PROBLEM REQUIREMENTS: Your task is to transcribe the lines from the start of the data below through the line containing "Midgut Volvulus –", inclusive, exactly as they stand and without the pictures.

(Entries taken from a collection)
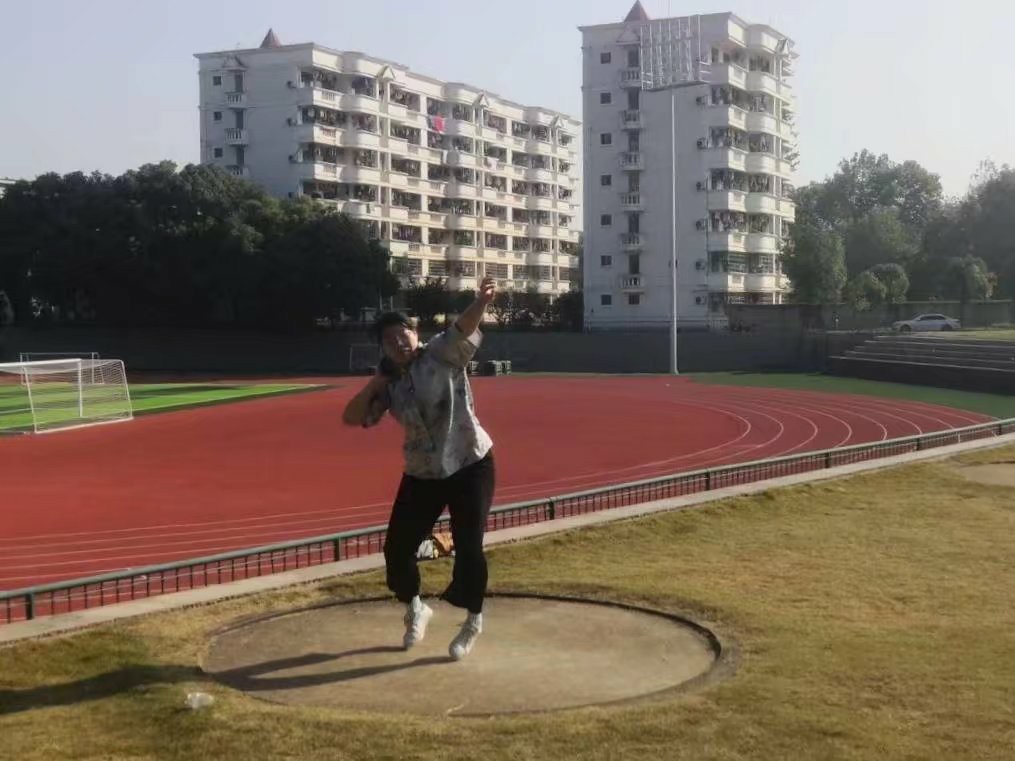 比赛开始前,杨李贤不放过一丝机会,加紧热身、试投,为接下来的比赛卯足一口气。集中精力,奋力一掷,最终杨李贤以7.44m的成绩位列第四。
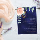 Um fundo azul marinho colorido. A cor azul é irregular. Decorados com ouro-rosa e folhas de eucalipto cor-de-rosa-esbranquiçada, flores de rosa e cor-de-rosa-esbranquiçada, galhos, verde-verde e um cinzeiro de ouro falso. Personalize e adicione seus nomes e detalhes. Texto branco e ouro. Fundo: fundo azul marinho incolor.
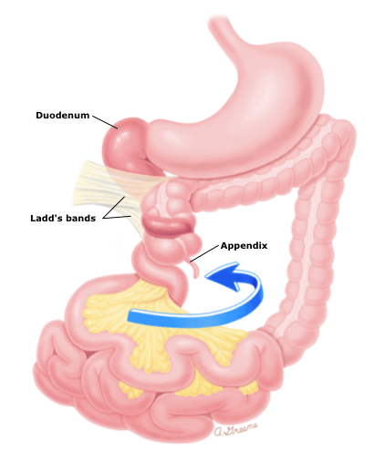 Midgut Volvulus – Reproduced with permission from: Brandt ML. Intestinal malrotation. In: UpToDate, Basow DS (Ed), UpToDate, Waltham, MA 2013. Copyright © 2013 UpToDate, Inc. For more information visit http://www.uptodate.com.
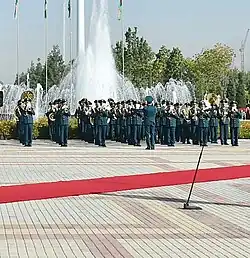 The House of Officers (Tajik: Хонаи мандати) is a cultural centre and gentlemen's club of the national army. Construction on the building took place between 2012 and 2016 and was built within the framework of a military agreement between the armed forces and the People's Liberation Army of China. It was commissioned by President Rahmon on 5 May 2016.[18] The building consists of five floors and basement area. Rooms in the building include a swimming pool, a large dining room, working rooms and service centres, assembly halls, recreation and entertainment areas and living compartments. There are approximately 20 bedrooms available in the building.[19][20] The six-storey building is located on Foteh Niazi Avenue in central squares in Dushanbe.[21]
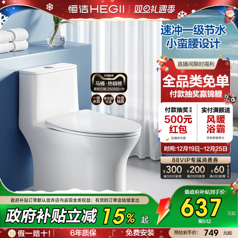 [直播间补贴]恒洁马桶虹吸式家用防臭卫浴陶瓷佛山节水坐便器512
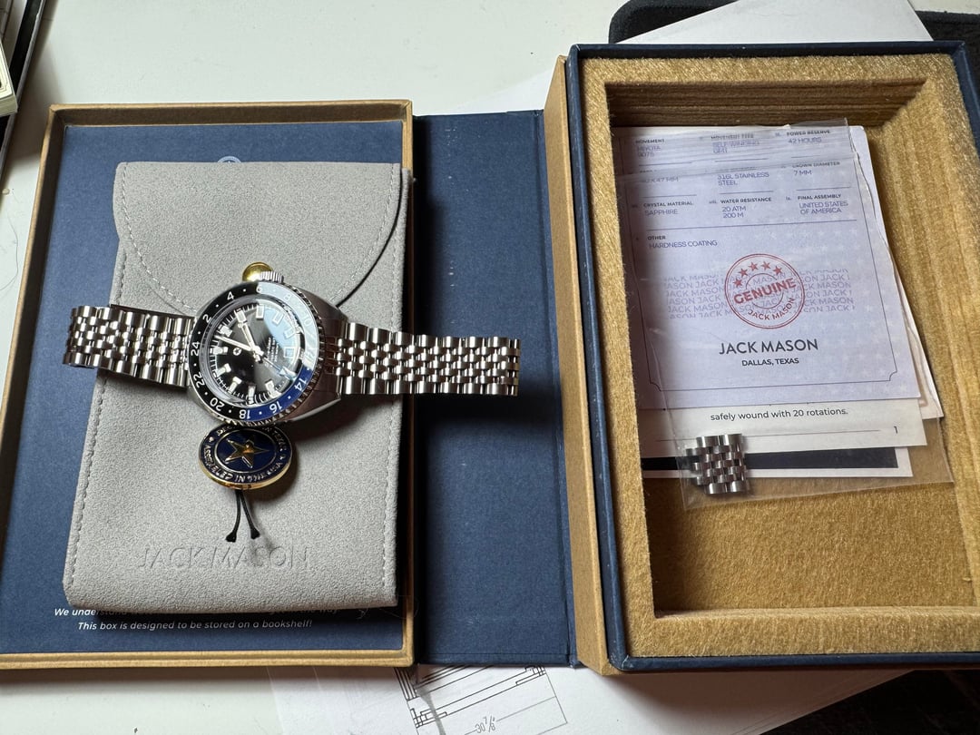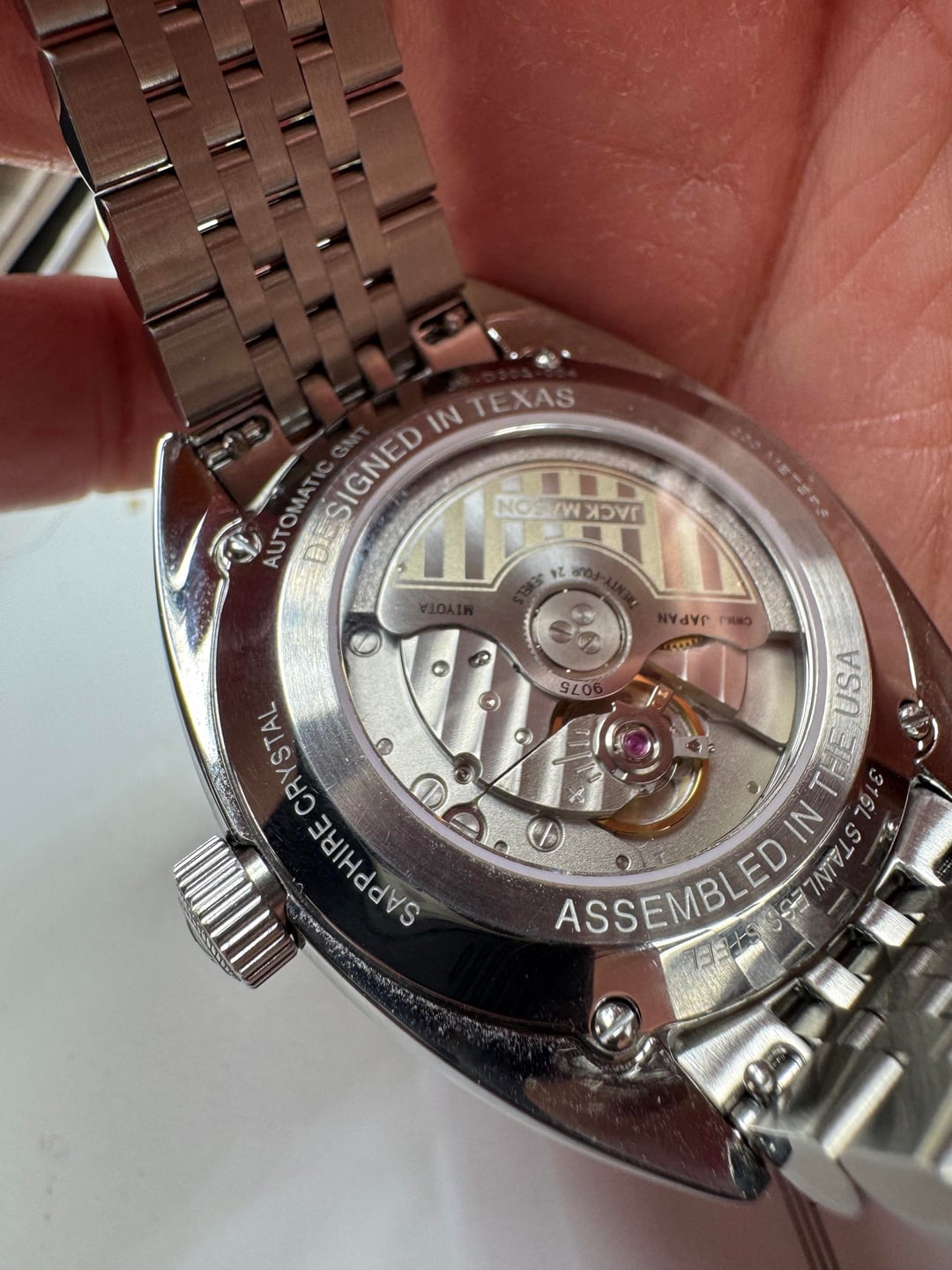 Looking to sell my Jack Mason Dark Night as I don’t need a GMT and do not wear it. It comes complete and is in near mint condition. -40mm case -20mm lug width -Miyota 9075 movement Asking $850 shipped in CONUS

RESPONSE BELOW:
 比赛开始前,杨李贤不放过一丝机会,加紧热身、试投,为接下来的比赛卯足一口气。集中精力,奋力一掷,最终杨李贤以7.44m的成绩位列第四。
 Um fundo azul marinho colorido. A cor azul é irregular. Decorados com ouro-rosa e folhas de eucalipto cor-de-rosa-esbranquiçada, flores de rosa e cor-de-rosa-esbranquiçada, galhos, verde-verde e um cinzeiro de ouro falso. Personalize e adicione seus nomes e detalhes. Texto branco e ouro. Fundo: fundo azul marinho incolor.
 Midgut Volvulus – Reproduced with permission from: Brandt ML. Intestinal malrotation. In: UpToDate, Basow DS (Ed), UpToDate, Waltham, MA 2013. Copyright © 2013 UpToDate, Inc. For more information visit http://www.uptodate.com.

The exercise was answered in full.